Ante la clandestinidad
de las venezolanas para practicarse el procedimiento por todos los aspectos
legales que implica, la venta de pastillas fuera de las farmacias y hasta la
creación de páginas en internet sobre el medicamento y su uso para practicarse
el aborto, el abogado Jesús Vergara, de la Federación Venezolana de Abogados,
sostiene que, efectivamente, este procedimiento aún es un hecho punible en
Venezuela. “Sin embargo, la reforma del nuevo Código Penal que reposa en la
Asamblea Nacional establece que el aborto puede ser provocado cuando la mujer
tiene hasta 12 semanas de gestación.
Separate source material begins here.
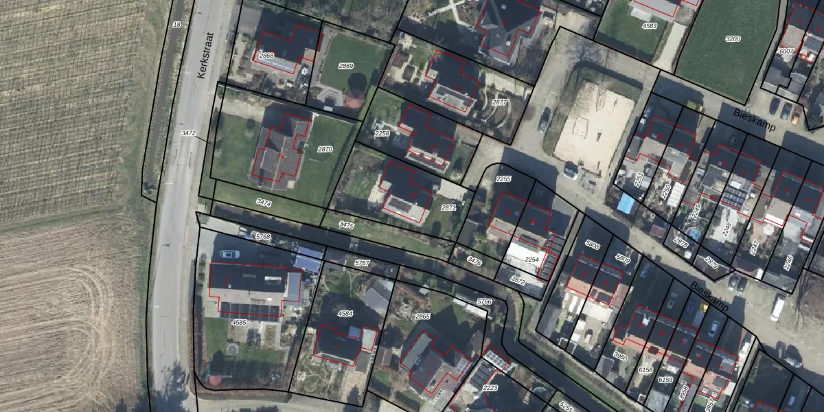 Het perceel waarop Bieskamp 28 staat heeft een oppervlakte van 500 m². Dit is een groot perceel. De perceeloppervlakte wordt geregistreerd door het Kadaster. Gedetailleerde informatie over de maten van dit perceel kunt u vinden in het rapport Kadastrale kaart met maatvoering van Bieskamp 28.

Pero por presiones religiosas, sociales y
culturales, Venezuela se ha visto frenada en la legalización de este procedimiento.
Tal vez por el temor de situaciones como las de México, por ejemplo, en donde
en el 2010, luego de haber sido despenalizado el delito se contabilizaron
37.000 muertes por esta práctica”, expone el abogado, sin dejar de lado la
hipótesis de que despenalizar el aborto en Venezuela podría ayudar a reducir la
mortalidad por este procedimiento siempre y cuando la mujer no busque los
medios inadecuados sino los profesionales.
De vuelta ahora a la
plaza Baralt, Mónica llega directo al lugar que en la mañana le indicaron. Ahí,
apenas con verla, el hombre moreno y de lento caminar le pregunta: ¿Cuántos
meses tienes? Le ofrece la cantidad necesaria por un precio de 80 bolívares
cada pastilla, más una inyección valorada con el mismo precio “para ayudar más
en el proceso”.
El hombre le indica
otro procedimiento diferente al que le ha explicado la mujer del mercado
Guajiro, que implica tomarse las pastillas cada media hora e inyectarse al
mismo tiempo.
Mientras cancela
disimuladamente y habla entre dientes con el vendedor, otro hombre espera su
turno y la mira de forma imprudente y ella se siente intimidada. El vendedor lo
observa con expresión de preguntarle qué desea y éste le responde: “Tranquilo,
termina ahí... Te traje otras dos clientes”.